- _What is needed_
Retype exactly the lines below, starting with the line that contains "Knitted Cardigan Sweater with Hood" and ending with the last line; leave out any pictures.

(Extracted records)

_ _ _ _ _

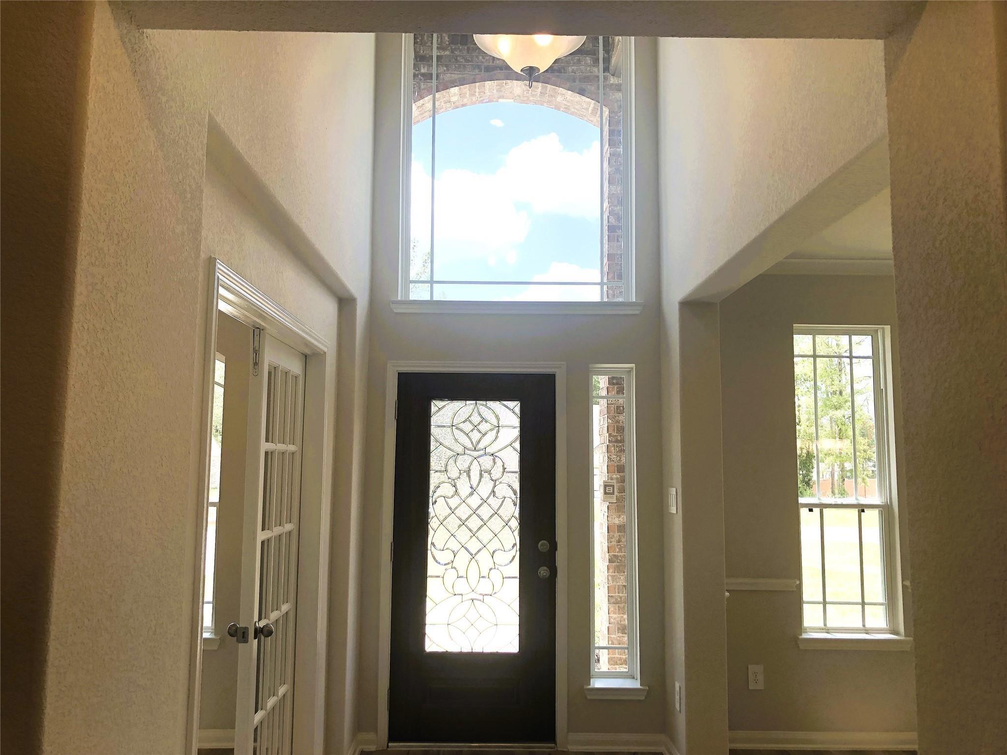 Grand two-story home with 3,247 sq ft, 4 bedrooms, 3.5 baths, and a 3-car garage on over 1 acre! Inviting entry features an elegant formal dining room and a private study with glass French doors. The dream kitchen offers upgraded 42" cabinets, granite countertops, built-in oven, gas cooktop, and a 12-ft oversized island overlooking the spacious family room with soaring ceilings and a fireplace. The oversized primary suite is downstairs with high ceilings and a luxurious bath featuring dual vanities, garden tub, and separate shower. Luxury vinyl wood-plank flooring throughout main areas; carpet in bedrooms and upstairs only. Upstairs includes a large game room and 3 spacious bedrooms with 2 full baths. Additional features: propane gas, covered patio, surround-sound prewire, structured wiring panel, USB/media outlets, and front gutters. Over 1 acre lot allows space for a shop, boat, RV, or trailer. Easy access to I-45, shopping, and dining. Call today to view this beautiful home!
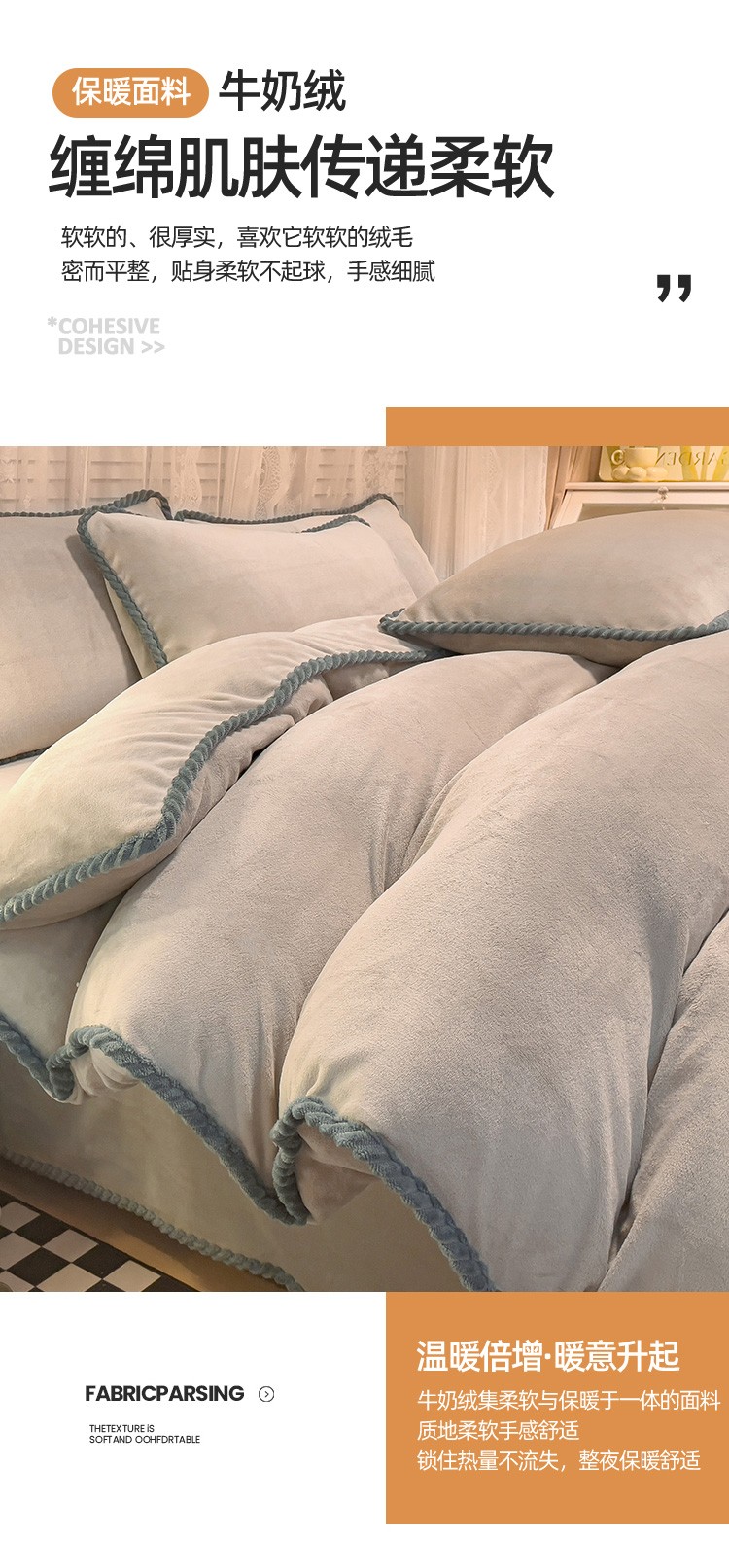 商品名称:2023新款加厚牛奶绒纯色优雅四件套 优雅-浅驼
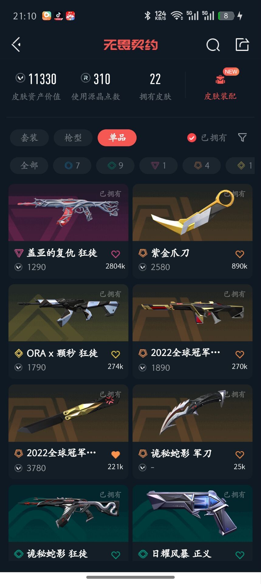 武器皮肤数量:22
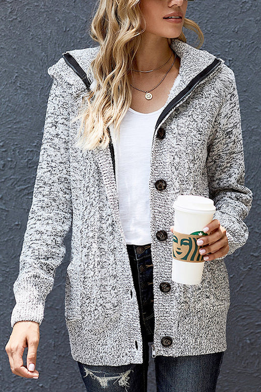 Knitted Cardigan Sweater with Hood
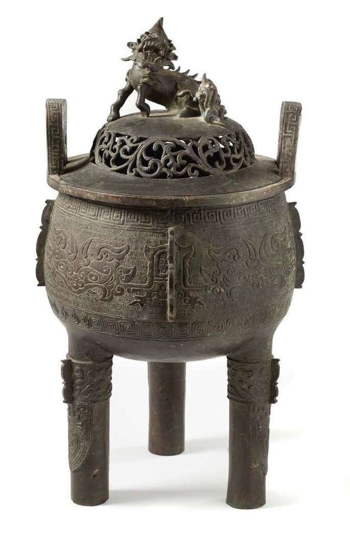Ding en bronze à décor en relief de quatre masques de taotie et frises de grecques stylisées ainsi que sur les deux anses.
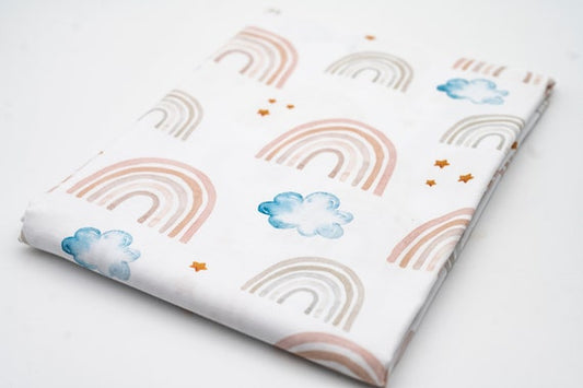 Regenbogen Stoff - Baumwollstoff - Wolke -rosa - blau - weiß

_ _ _ _ _

- _Response_
 Knitted Cardigan Sweater with Hood
Ding en bronze à décor en relief de quatre masques de taotie et frises de grecques stylisées ainsi que sur les deux anses.
 Regenbogen Stoff - Baumwollstoff - Wolke -rosa - blau - weiß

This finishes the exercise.